Strategies of Resistance

[2] As Dr. Wind notes, Bonhoeffer’s resistance is grounded not in theories of social ethics, but in Christology – meaning not disembodied Christological abstractions, but a living connection to Jesus Christ, the One who for Bonhoeffer is the very unity of God and world. Bonhoeffer’s becoming a Christian in 1931 or thereabouts was truly a life-changing event, as he discovered in Jesus Christ a love that broke through his elitism and loneliness and drew him into the heart of the Scriptures, the church, and the world. [3]His conversion to Christ slowly led him out of the relative safety of privilege and into the love of brothers and sisters in increasingly radical and risky discipleship. And his experience of prayer and community provided a touchstone of reality, centered in Scripture, discernment, and friendship, in a frightening, disorienting world of lies, suspicion, brutality, and hatred. For Bonhoeffer, “discipleship is joy”[4] because it draws the disciple into intimate connection with Christ, the very reality of God and the deepest reality of the world[5]. The Christian can thus avoid the twin pitfalls of despair, rage and cynicism, on the one hand, or pious withdrawal from the world on the other.

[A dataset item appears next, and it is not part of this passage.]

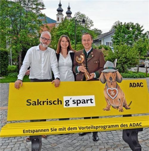 Ein echter Hingucker: Das neue Bankerl des ADAC in strahlendem Gelb und mit Dackel „Franzl“ zieht die Blicke direkt im Ortskern von Aschau auf sich. Darüber freuen sich (von links) Markus Dehm, Leiter Marketing ADAC Südbayern, Heike Tröster, Projektleiterin des ADAC Tourismuspreises Bayern, und Herb

[3] I have drawn from Bonhoeffer’s biography ten strategies I see him using in resisting the public evil manifested in Hitler’s totalitarian Nazi dictatorship, war, and “final solution.” I have laid out these strategies in a somewhat chronological order, not ranked according to importance. Some are more obvious means of resistance in his context, while others may seem counter-intuitive.

[4] 1) Use of the gifts of privilege. This includes, at perhaps the most primal level of all, the emotional perks flowing from birth as an upper-class male in his society: the capacity to be cared for, being “worth” investing in, the preconscious assumption of one’s own inherent value nourishing a strong, healthy self and voice and body and life to be risked and offered. Bonhoeffer’s privilege made possible not only “the good life” of fine food and clothing, spacious housing (with the requisite staff of servants), leisure and music and books and vacations, but also a first-class theological education, extensive international travel and contacts, and a host of connections within government, culture, and church – all resources that proved crucial to his later role in the conspiracy. Of course the gifts of privilege are helpful for resistance to evil only if risked, i.e., used, as such, rather than being seen as means of “buying” one’s escape, in some form or another, from the necessity of such risk. But certainly it is clear that Bonhoeffer did use the gifts of his birth and station both consciously and unconsciously in the service of his resistance. And it is clear that the necessity of just such use of his status was itself a central value of this very upbringing.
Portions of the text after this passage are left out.